Thursday, January 26, 2006


Here in Vancouvber, Canada our meeting ran over-time. No bomb-threats, no hysterical jihadis storming the citidel, no cause for law suits over spilt coffee. It could have been a disaster. In fact it nearly was a disaster: I went to the store where I buy my clothes, I asked the clerk for a blue scarf, and I got a blank stare in return. Normal enough, but they didn't have any blue scarves either. I am a Blue Revolutionary at this time, and nothing can stop me. I ran home, found an old jumper, and cut a swath through it till I could swear it looked just like the scarf I would have bought anyway. My only concern was the colour, whether it was blue, green or some other shade I can't quite distinguish. I sat with a girl I know, chatted her up till she mentioned that I had people looking at me across the room. Yes, we have made contact. Yes, we're going to do it again.

There is no burning issue here in Vancouver, Canada, not something so immediate that all people are frantic for a solution or at least a crowd to shout to.
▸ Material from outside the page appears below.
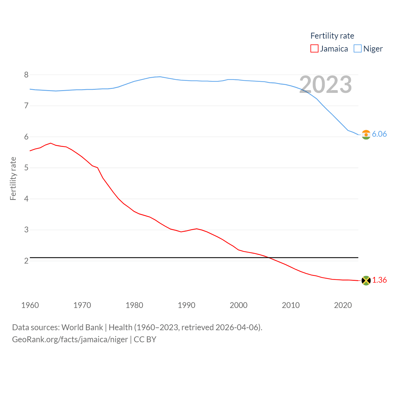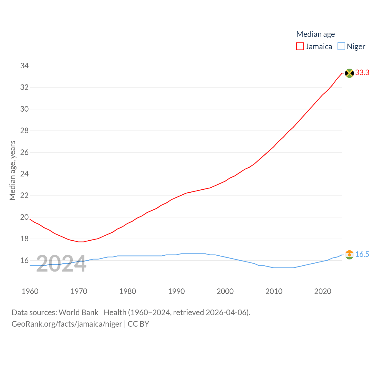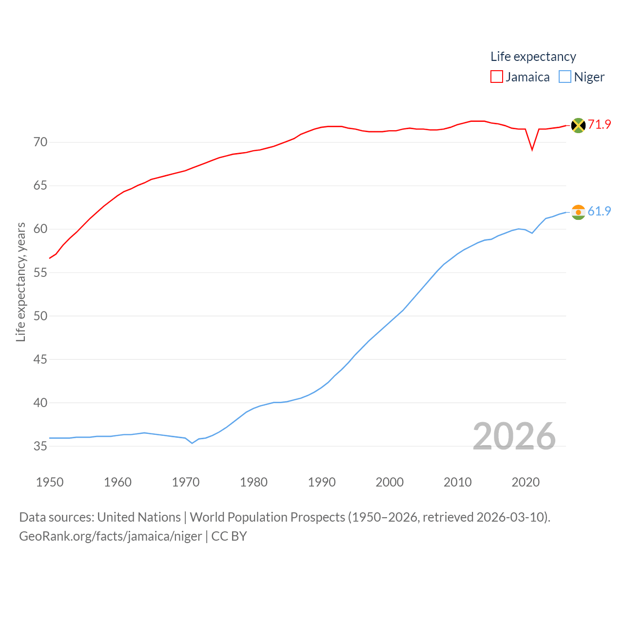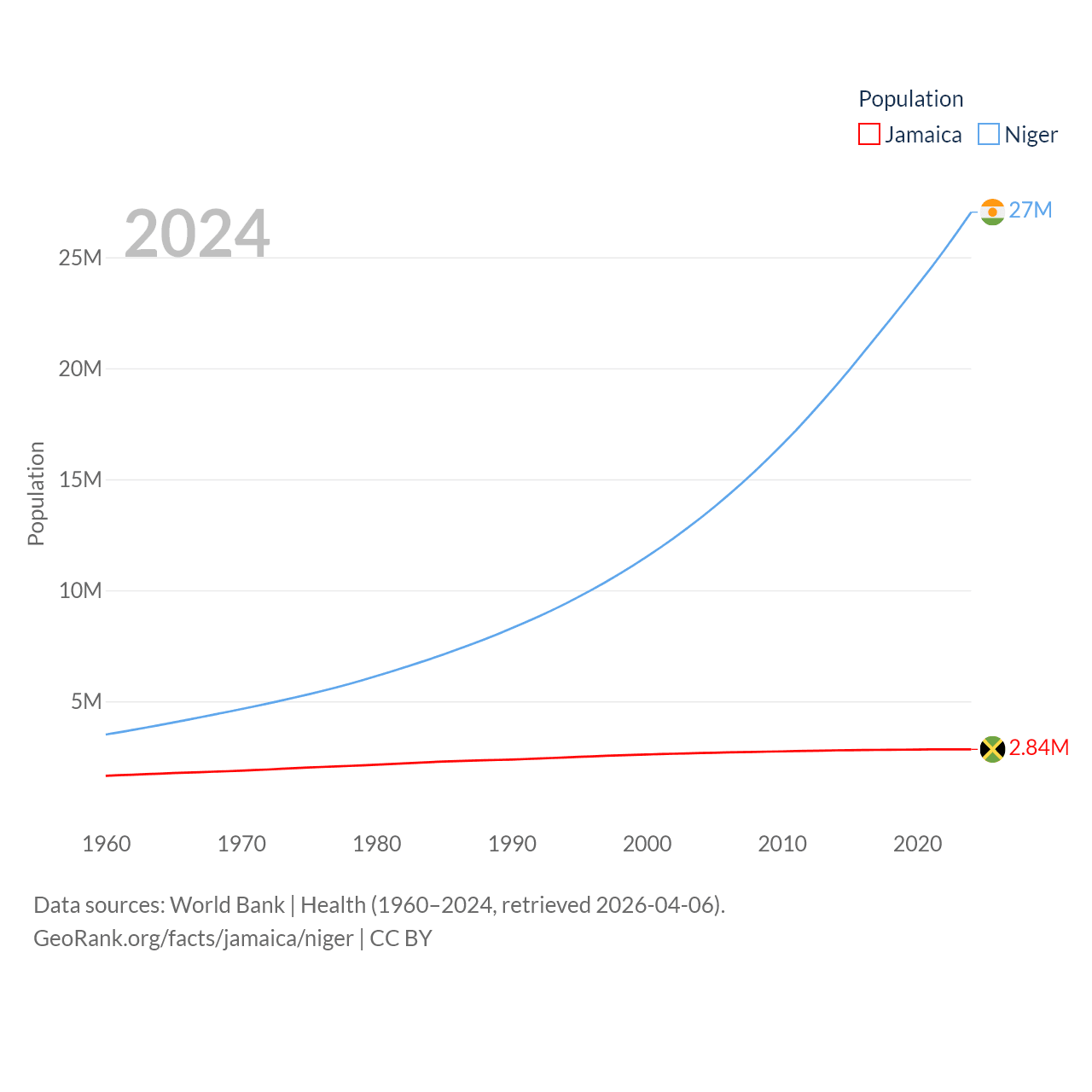 Jamaica has a population of 2.84M (ranked 139/197), compared with 27M in Niger (ranked 55/197). Jamaica's land area is 4,181 sq mi versus 489,076 sq mi for Niger (ranked 159th vs. 20th).

And yet, there we were at the People's Temple, at McDonalds. We did not meet the numbers of our friends at the rally in Paris. Not yet. We did meet well into over-time, and we will meet again. We will grow and we will make a difference. Here are a couple of letters from others, and I'll update anything else that comes in as it comes.


At 8:27 PM, Jauhara said...

Sacre Bleu! Vive la révolution bleue...où puis-je joindre? Pardon my French, but this gives me hope! Go France!

At 9:32 PM, t-ham said...

I sat, for 2 hours, resplendent in my new blue scarf, in a McDonalds 35 miles from 9/11's Ground Zero, a place where, on that day, you could have climbed any of the hills that rise up here along the Hudson River and watched the Towers burn and crumble as I did, a place where everyone lost a family member or friend or knows someone who did.

No one came.

Other obligations? Insufficient notice? Lousy time of day? Apathy? Fear?

Maybe I counted too much on the blogs. Maybe I overestimated how many of us reading and commenting. Maybe we just seem like many. Maybe, 'round here, I am one of the Tiny Majority Who Have Hijacked the...what?

This will take some thinking. This is going to take some planning. They should have come. I am a stubborn son of a bitch, and now they have gone and pissed me off.
I'm not going away.

Here in Vancouver we found friends willing to make the effort. We'll do more. So will others. The French will carry on, and so will we. We can change the world doing this. Unlike our Muslim cousins, we can do good things.